Health information acquisition and position calculation of plug seedling in greenhouse seedling bed

Abstract The health information acquisition of plug seedlings plays an important role in automatic seedling transplanting. This study proposed the use of a mobile inspection and transplanting machine operation method on the seedbed. Compared with the operation of a fixed transplanter, this method can reduce the workload of tray transportation. When the performing mobile picks and supplements the seedlings, the plug seedling detection system needs to obtain a large-field seedbed image and extract and locate multiple plug trays. Then, the system evaluates the health of the plug seedlings. This paper studied and compared the stitching effect of large-field seedbed images based on block area matching, Harris corner detection, and SURF feature point detection. Based on the large field seedbed image, the concentric rectangular frame template matching algorithm was designed and developed. This algorithm can realize the precise positioning of multiple plug trays on the large field seedbed image. Thus, the health status of plug seedlings was further assessed according to the area of seedlings in each cell. A 200-cell tray seedbed was the research object, and a digital camera was used to capture the partitioned image of the seedbed in multiple sections.

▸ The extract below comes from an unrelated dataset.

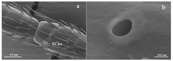 SCav is a cavity-like sensillum with an inward depression in the stratum corneum and often adjacent to SB or SCo. It follows the distribution law of Thermo-hygroreceptors and further confirmed in the ultrastructure of S. dorsalis [28,45]. In this study, the similar sensilla were classified as sensilla cavity and likely functions in the perception of environmental humidity and temperature changes.

The image stitching algorithm was used to obtain the stitched image of the large-field seedbed. After image preprocessing, including grayscale conversion, binary segmentation, and Gaussian filtering, the concentric rectangular frame template matching algorithm was used to stitched images to achieve the scanning positioning of the multiple plug trays. Furthermore, based on the positioning of the plug tray, the plug tray area was divided, and then the health status of plug seedlings was evaluated. Experiments have proved that the accuracy rate of seedling health information detection is 98.7%. Such results provide basis for precision management of seedling replenishment operations on the seedling bed and meets the requirements of actual operations.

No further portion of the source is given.